Leveringszekerheid op langere termijn
Op dit moment kan het LCH met de huidige voorraad in Nederland ruimschoots voorzien
in de vraag die zorginstellingen bij het LCH hebben gemeld. Om voorbereid te zijn
op een eventuele volgende epidemie of andere crisissituatie wil ik de kwetsbaarheid
in het aanbod van persoonlijke beschermingsmiddelen in Nederland verminderen, waarbij
zoveel mogelijk de samenwerking in Europees verband gezocht wordt. Leveringszekerheid
en het garanderen van kwalitatief hoogwaardige producten staan daarbij voorop. Zoals
eerder gemeld kunnen we leveringszekerheid op verschillende manieren bereiken. Leveringszekerheid
kunnen we deels bereiken door het versterken van de nationale en Europese productie,
maar ook met lichtere ingrepen zoals het afspreken van leveringsgaranties. Ook het
aanleggen van een centrale of decentrale ijzeren voorraad en daar waar mogelijk aansluiten
bij Europese initiatieven zoals RescEU stockpiling en Joint Procurements / Europese
aanbestedingen kunnen hieraan bijdragen. Daarnaast kan het helpen om internationaal
nader afspraken te maken om handelsbeperkingen tot een noodzakelijk minimum te beperken
ten tijde van een gezondheidscrisis. De Europese Commissie heeft hiertoe enkele voorstellen
gedaan die momenteel verder worden uitgewerkt2. In alle gevallen is het van belang om niet alleen naar de productie van eindproducten
te kijken, maar ook naar benodigde grondstoffen of onderdelen en halffabricaten.

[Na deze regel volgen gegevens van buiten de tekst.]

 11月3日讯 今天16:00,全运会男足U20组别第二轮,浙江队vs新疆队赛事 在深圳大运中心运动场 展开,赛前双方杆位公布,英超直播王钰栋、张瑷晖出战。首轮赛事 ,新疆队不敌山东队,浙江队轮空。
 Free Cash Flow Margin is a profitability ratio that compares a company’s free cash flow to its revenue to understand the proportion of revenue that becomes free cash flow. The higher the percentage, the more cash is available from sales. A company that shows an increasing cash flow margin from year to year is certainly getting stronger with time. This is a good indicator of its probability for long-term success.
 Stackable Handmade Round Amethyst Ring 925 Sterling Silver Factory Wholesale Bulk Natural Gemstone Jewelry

Versterken productie dichtbij huis
Het verminderen van afhankelijkheden van andere landen of één of enkele individuele
producenten of leveranciers door productie dichtbij huis is één van de manieren om
leveringszekerheid te borgen. Hiermee kunnen kwetsbaarheden op het gebied van distributie
en beschikbaarheid van grondstoffen en beschermingsmiddelen verminderd worden en kan
kwaliteit via CE-certificering gewaarborgd worden Daarom wil ik de mogelijkheden van
productie dichtbij huis, in Nederland of de EU, optimaal benutten. Onderstaand leg
ik verder uit hoe ik productie dichtbij huis wil vormgeven. Het is voor de toekomst
ook van belang om een analyse van de kosten en baten van de verschillende mogelijke
maatregelen te maken en te bekijken welke mix van maatregelen tot het gewenste resultaat
leidt: meer leveringszekerheid van medische producten.

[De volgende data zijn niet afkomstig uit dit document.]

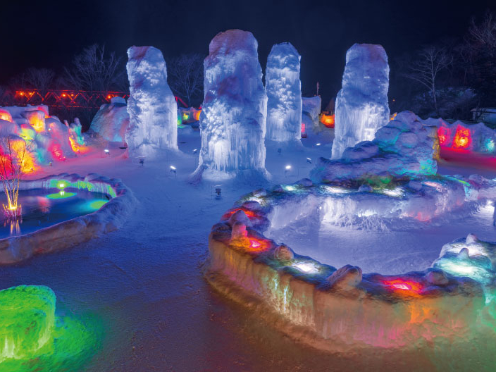 支笏湖の湖水をスプリンクラーで凍らせた大小様々な氷のオブジェが立ち並び、夜は色とりどりのライトに照らされ、幻想的な世界を演出します。メインの氷像は約10人の製作スタッフが2か月以上かけて作った力作で、近くで見ると迫力・美しさは抜群です。

Op het gebied van productie is samenwerking met gelijkgestemde lidstaten binnen de
EU nodig en wenselijk. Nederland heeft niet altijd voldoende schaalgrootte voor een
rendabele productie en fabrikanten van beschermingsmiddelen opereren veelal Europees
of mondiaal. Samen kunnen we investeren in innovatie en robuuste en weerbare internationale
waardeketens. Een belangrijke les uit de crisis is dat dit alleen succesvol kan zijn
als we tegelijkertijd investeren in het functioneren van de interne markt en het tegengaan
van disproportionele intra-EU handelsbelemmeringen.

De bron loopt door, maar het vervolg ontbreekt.